Just as the path we choose for our career is not linear, neither are the steps one takes in determining what that path looks like. Below are a few guidelines the experts recommend following:
1. Do your research in person
While the internet offers an overwhelming amount of information, the opinions shared by others are not the same as experiencing your school or program of choice for yourself. “Make sure you go visit the campuses you’re thinking of attending because you’re going to be living there for four years of your life,” says Vermunt. “Sit in on a lecture. Speak to professors. Does your older sister have a friend who went there? Talk to that friend.”
By visiting, you are able to get a true feel for the campus, the people and the learning environment. This allows you to use a combination of logic and intuition when making your decision. “Most people say, ‘I should have listened to my gut.’ The gut is almost always right,” says Vermunt.
2. Think about what career ingredients you want in your life
If you’re feeling a little lost in choosing your major, you’re certainly not alone. “Take some time to understand who you are and what you have to offer,” says Cranston. “Anything you can do to better understand the skills, characteristics and attributes you have that make you happy will help inform which direction you take.”
The tasks you enjoy doing, the types of people you enjoy surrounding yourself with—these are all important career ingredients to consider. “You don’t actually have to know what your dream job is to be able to choose what program you want to study,” says Vermunt. “It’s your job to choose something that is going to have better odds of moving you in the right direction.”
Even if you head down one path only to later decide you’d like to pursue a different direction, you will still gain valuable experience, build meaningful relationships and learn important life lessons along the way. “I think navigating your career is like a game of hot and cold,” says Vermunt. “Turn away from the things that feel cold and you’ll have a much better chance of moving toward something that feels warm.”
3. Choose action over inaction
When you’re feeling stuck, sometimes the best solution is simply to keep moving.

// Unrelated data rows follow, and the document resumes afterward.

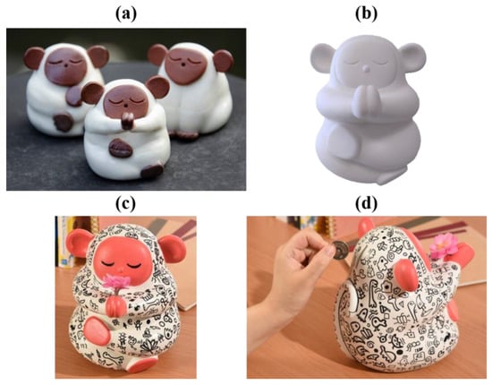 Funny monkey ceramic creative products. (a) prototype, (b) figure mold, (c) painted figure, (d) figure money box.
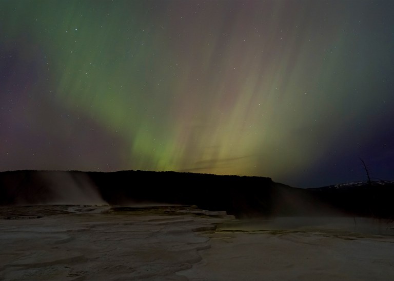 Northern Lights Over Mammoth Hot Springs Upper Terrace
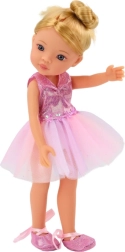 Questa bambola alta 33 cm è ideale per giocare e per scopi collezionistici. Ha lunghi capelli biondi stilisticamente raccolti in uno chignon, che corrisponde all'aspetto di una vera ballerina. È vestita con un abito rosa scintillante con una gonna vaporosa che brilla magnificamente alla luce. Inoltre, indossa scarpe rosa lucide che si adattano perfettamente al suo outfit da danza.
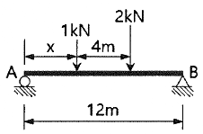 그림과 같은 보에서 두 지점의 반력이 같게 되는 하중의 위치(x)는 얼마인가?
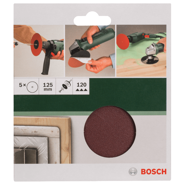 Bosch csiszolólap készlet fúrókhoz, 5 db. Univerzális csiszolási megoldás. A csiszolólap csavaros rögzítőrendszerrel rendelkező alátéttányérokhoz használható. Átmérő: 125 mm. Szemcsézet: 120.

Once one door opens, it leads to another door, and then another door. “The longer you sit and wait for it to magically become clear, the tougher you’re making it for yourself,” says Botelho. Career exploration is the central purpose of the undergrad experience. “This notion of going to school and then starting your career is not a strong strategy,” he adds.

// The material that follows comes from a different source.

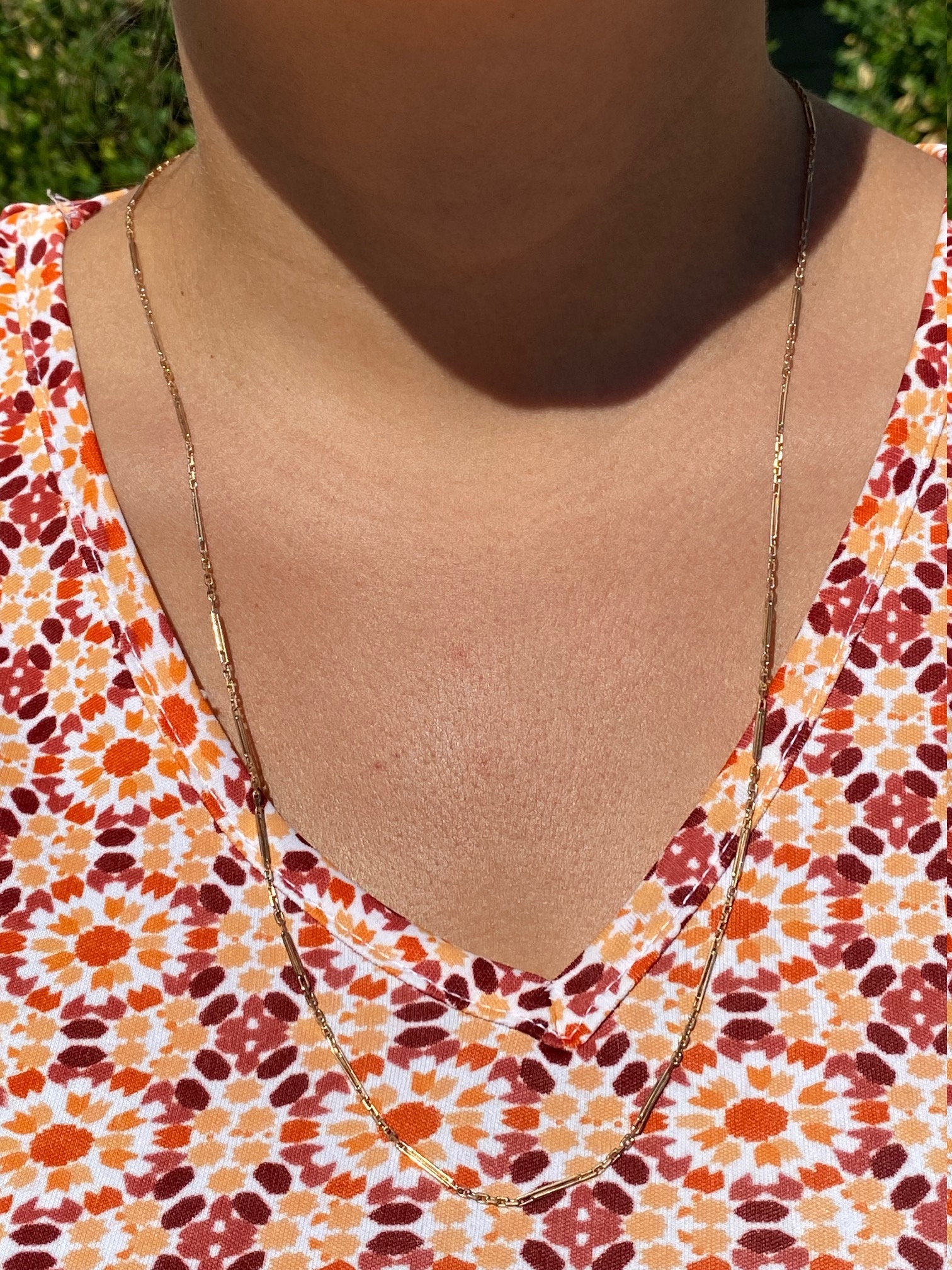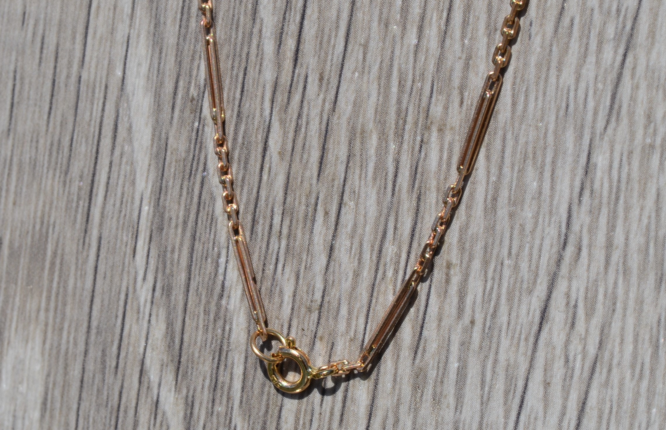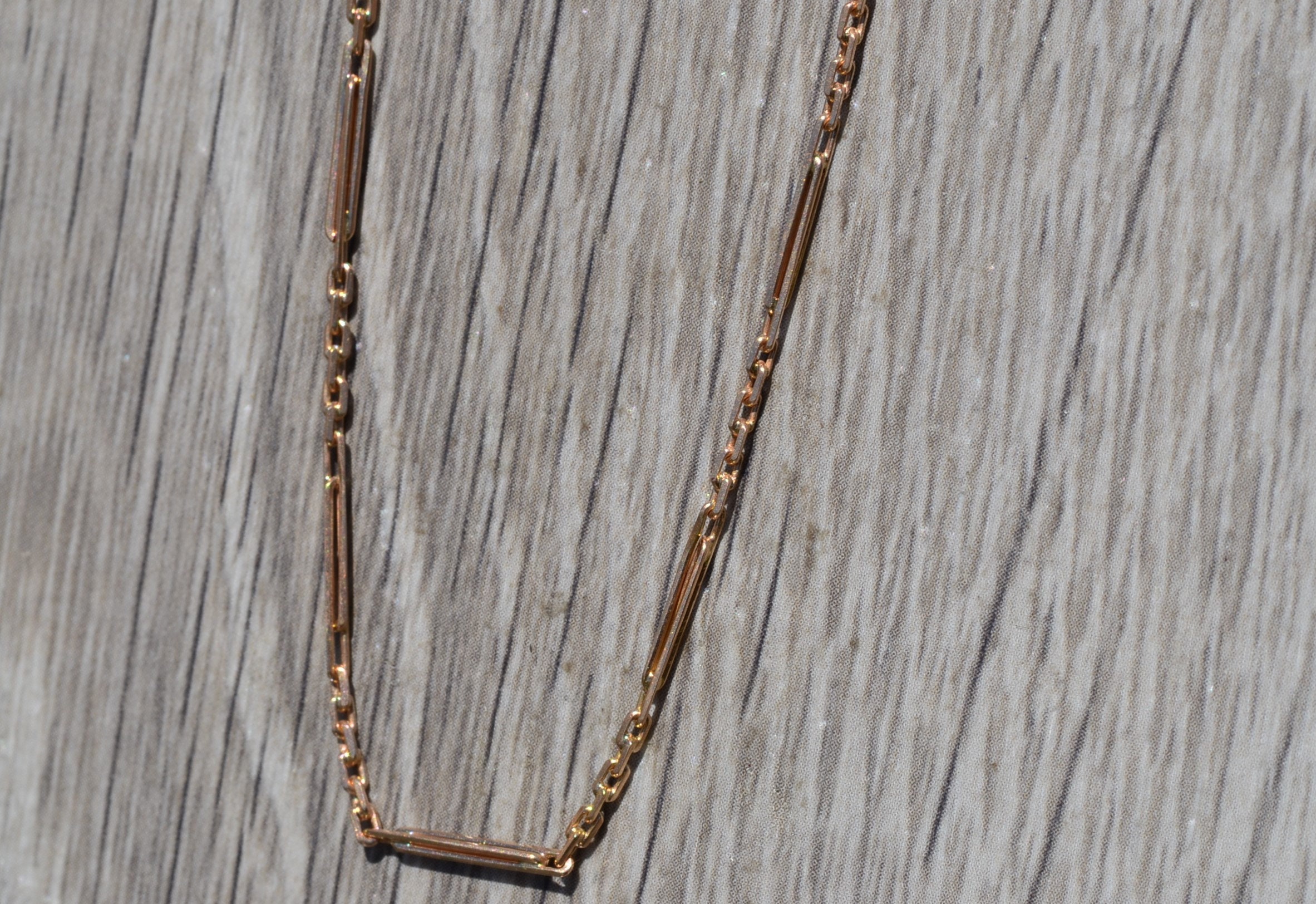 Ladies Antique Station Chain in 14K Rose Gold. Crafted in 14 karat rose gold, this unique station chain measures 28 inches in length and is very well made. Layer this chain or wear it by itself, the choice is yours!

Seek out opportunities to volunteer in your chosen field, and to pursue internships and co-op placements. “Look for classes that allow you to work on real-life projects,” suggests Cranston. “That experience will provide some context you wouldn’t otherwise get just through academic work.”
If taking on a lighter course load allows you to work part-time to finance your studies, helping you to graduate with less stress, so be it. “In the grand scheme of life, taking one or two more years to complete your undergrad studies is a drop in the bucket,” says Cranston. But use your time wisely. Your future employer will be less concerned with what year you graduated, and more interested in what skills you were developing in the workplace while studying part-time. “That experience will have a great deal of weight towards that person’s future job success,” Cranston explains.

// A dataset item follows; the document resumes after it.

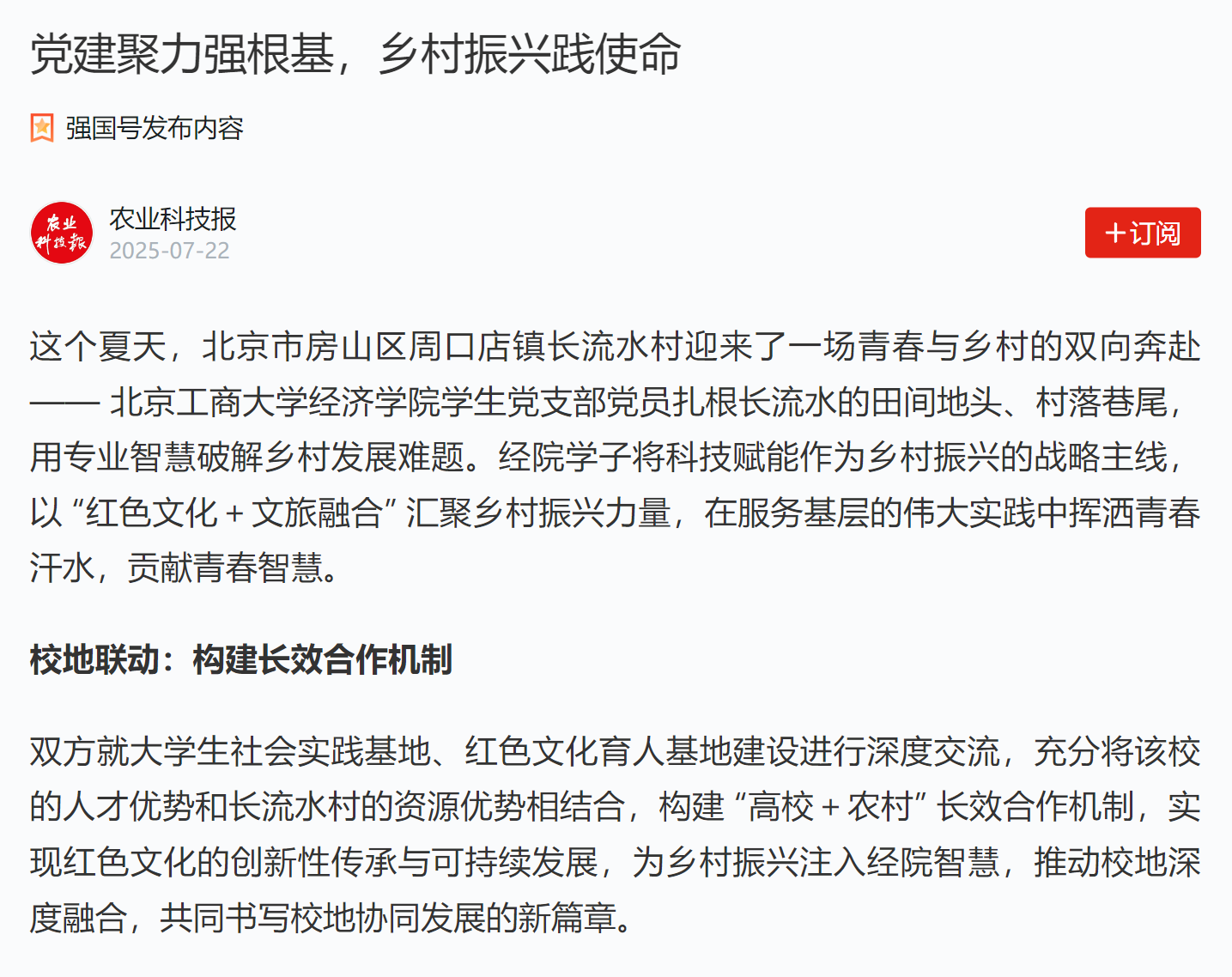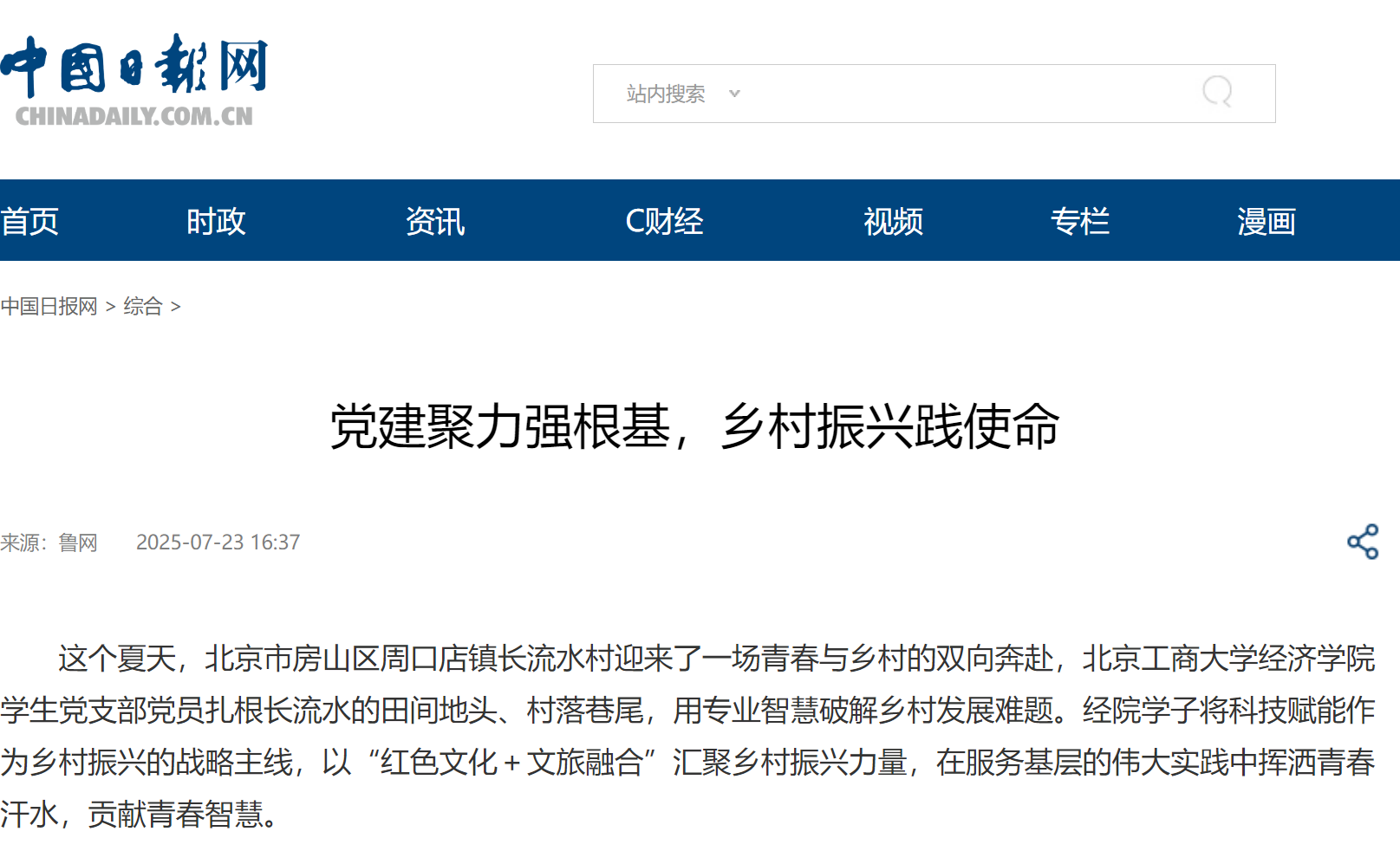 近日,學習強國、中國鄉村振興網、中國日報網等多家媒體以《黨建聚力強根基,鄉村振興踐使命》為題,報道北京工商大學經濟學院紅色“1+1”學生黨支部實踐活動。
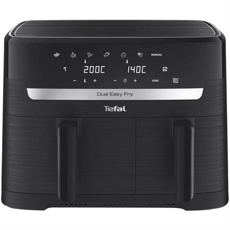 Připravte kompletní jídlo pro celou rodinu v rekordním čase a s minimálním úsilím. Postará se o to horkovzdušná fritéza EY901N10 od značky Tefal. Zvládne to díky 2 nádobám, ve kterých zvládne současně fritovat 2 rozdílné pokrmy najednou. Do velké XXL nádoby o objemu 5,2 l se pohodlně vejde celé kuře a ve druhé nádobě o velikosti 3,1 l můžete připravit štědrou porci hranolek. Vše je extrémně rychlé, snadné a minimálně energicky náročné.

4. Be careful about advice
It’s natural to turn to parents, friends and colleagues for some direction. Getting feedback from others can help you reveal skill sets or characteristics you didn’t realise were there. Just remember, not all advice is good advice.
“You probably have lots of people in your life who care about you and want the best for you,” says Vermunt. “Sometimes the path of least resistance is to do what your mom thinks you should do, or what your best friend is doing. But if it doesn’t feel right for you, that’s not the direction you should be moving in.”
In her role as a career coach, Vermunt asks her young clients the meaningful—and sometimes difficult—questions designed to help them come to their own conclusions about what they want to do with their lives. “That’s really different than giving advice,” she says.
5. Don’t grip too tightly to the original plan
There’s nothing wrong with taking plan B—or plan C, for that matter. “If you’re mid-program and very unhappy and you hate most of your classes, that is a good time to consider changing direction and switching majors,” says Vermunt. “A lot of people see that as a failure or a mistake, but it’s absolutely not. It’s an incredibly wise thing to do.”
Your post-secondary experience is meant to be a time of decision-making. It’s a chance to explore which classes you love and which ones put you to sleep. It’s about developing an inventory of which subjects you excel at, and which keep you up at night. “You may be an absolute whiz at math, but if that doesn’t actually make you happy—if one hour of work feels like 10 hours—then that’s probably not what you should be doing,” says Cranston.
People change, the world we live in changes, and it’s only for natural your career path to evolve and change too. “There are certain things we can’t control; we can’t change the state of the economy, we can’t make someone hire us. But we can do things that give us a better chance of getting where we want to be,” says Botelho. The key is to keep an open mind. “Start to expand what you think is possible,” he says. “That’s one of the magical parts of it.”